[Your goal] Return the lines from the start of the data through the line with "laman sosialnya semalam.". Include both of those lines and no others.

Data records:
= = = = = = =

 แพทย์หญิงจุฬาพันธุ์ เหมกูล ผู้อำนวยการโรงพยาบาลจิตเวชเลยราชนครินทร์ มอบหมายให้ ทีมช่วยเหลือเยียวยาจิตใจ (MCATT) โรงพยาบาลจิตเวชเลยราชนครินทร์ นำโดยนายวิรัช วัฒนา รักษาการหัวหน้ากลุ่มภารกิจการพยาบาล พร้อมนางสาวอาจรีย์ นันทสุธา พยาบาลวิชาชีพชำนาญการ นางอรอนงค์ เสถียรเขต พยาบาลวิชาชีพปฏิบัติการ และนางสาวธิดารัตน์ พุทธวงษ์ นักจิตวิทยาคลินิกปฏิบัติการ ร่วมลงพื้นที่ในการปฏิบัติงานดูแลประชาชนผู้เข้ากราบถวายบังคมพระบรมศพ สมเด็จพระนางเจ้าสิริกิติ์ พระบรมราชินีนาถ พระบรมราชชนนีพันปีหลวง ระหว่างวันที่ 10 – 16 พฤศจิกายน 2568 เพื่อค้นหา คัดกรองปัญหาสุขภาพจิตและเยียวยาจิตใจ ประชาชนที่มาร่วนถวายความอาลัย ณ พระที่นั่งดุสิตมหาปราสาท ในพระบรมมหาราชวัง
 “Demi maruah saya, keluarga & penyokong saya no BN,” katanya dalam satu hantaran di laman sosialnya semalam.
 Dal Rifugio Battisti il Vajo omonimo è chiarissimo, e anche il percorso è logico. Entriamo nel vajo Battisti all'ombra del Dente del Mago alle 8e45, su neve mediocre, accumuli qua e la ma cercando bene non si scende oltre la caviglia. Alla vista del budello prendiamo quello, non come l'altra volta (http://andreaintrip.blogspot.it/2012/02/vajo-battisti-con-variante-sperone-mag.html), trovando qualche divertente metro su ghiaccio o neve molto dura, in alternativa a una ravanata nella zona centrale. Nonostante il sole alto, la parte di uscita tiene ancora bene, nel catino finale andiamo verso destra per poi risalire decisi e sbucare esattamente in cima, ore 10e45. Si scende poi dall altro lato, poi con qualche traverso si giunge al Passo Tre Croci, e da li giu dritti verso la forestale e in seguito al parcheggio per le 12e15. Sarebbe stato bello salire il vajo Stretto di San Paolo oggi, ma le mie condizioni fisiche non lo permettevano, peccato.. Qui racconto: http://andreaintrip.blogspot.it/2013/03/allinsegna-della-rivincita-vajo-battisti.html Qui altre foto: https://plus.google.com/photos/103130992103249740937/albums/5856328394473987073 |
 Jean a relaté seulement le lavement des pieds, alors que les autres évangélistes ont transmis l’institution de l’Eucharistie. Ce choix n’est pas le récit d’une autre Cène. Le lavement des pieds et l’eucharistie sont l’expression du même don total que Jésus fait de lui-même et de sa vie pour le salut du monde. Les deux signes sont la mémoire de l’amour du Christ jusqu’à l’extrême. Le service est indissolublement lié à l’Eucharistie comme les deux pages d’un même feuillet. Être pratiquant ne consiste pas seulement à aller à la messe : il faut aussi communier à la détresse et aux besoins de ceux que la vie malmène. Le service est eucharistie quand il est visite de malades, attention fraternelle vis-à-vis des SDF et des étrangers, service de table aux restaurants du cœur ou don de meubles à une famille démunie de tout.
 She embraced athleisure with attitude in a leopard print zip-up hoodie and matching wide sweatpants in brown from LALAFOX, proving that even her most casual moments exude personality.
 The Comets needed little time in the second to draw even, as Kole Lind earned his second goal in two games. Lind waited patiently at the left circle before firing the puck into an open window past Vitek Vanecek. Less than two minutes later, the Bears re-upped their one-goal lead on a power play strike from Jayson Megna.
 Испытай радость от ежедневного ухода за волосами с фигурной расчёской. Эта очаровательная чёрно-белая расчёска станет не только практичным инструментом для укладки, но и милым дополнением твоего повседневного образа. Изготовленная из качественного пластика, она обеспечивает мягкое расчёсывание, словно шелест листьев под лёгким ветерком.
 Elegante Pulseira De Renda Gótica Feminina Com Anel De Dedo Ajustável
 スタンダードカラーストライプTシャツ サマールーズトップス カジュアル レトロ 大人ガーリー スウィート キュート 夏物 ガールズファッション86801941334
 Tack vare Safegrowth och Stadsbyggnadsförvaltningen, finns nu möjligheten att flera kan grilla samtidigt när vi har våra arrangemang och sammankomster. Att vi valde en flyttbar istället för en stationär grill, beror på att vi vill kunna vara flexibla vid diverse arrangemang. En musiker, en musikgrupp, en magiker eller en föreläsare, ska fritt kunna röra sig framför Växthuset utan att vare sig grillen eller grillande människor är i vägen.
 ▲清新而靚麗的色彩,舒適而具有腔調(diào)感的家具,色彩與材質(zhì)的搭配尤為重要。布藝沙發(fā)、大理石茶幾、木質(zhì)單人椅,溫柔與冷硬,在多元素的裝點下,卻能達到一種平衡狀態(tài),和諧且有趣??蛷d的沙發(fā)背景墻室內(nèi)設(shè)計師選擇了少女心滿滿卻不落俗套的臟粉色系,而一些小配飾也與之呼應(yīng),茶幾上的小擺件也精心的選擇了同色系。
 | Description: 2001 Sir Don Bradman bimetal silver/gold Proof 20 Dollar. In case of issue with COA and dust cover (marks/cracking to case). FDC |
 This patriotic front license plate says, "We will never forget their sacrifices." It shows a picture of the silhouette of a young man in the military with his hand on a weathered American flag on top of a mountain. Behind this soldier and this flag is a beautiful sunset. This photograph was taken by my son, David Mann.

= = = = = = =

[Expected answer]
 แพทย์หญิงจุฬาพันธุ์ เหมกูล ผู้อำนวยการโรงพยาบาลจิตเวชเลยราชนครินทร์ มอบหมายให้ ทีมช่วยเหลือเยียวยาจิตใจ (MCATT) โรงพยาบาลจิตเวชเลยราชนครินทร์ นำโดยนายวิรัช วัฒนา รักษาการหัวหน้ากลุ่มภารกิจการพยาบาล พร้อมนางสาวอาจรีย์ นันทสุธา พยาบาลวิชาชีพชำนาญการ นางอรอนงค์ เสถียรเขต พยาบาลวิชาชีพปฏิบัติการ และนางสาวธิดารัตน์ พุทธวงษ์ นักจิตวิทยาคลินิกปฏิบัติการ ร่วมลงพื้นที่ในการปฏิบัติงานดูแลประชาชนผู้เข้ากราบถวายบังคมพระบรมศพ สมเด็จพระนางเจ้าสิริกิติ์ พระบรมราชินีนาถ พระบรมราชชนนีพันปีหลวง ระหว่างวันที่ 10 – 16 พฤศจิกายน 2568 เพื่อค้นหา คัดกรองปัญหาสุขภาพจิตและเยียวยาจิตใจ ประชาชนที่มาร่วนถวายความอาลัย ณ พระที่นั่งดุสิตมหาปราสาท ในพระบรมมหาราชวัง
 “Demi maruah saya, keluarga & penyokong saya no BN,” katanya dalam satu hantaran di laman sosialnya semalam.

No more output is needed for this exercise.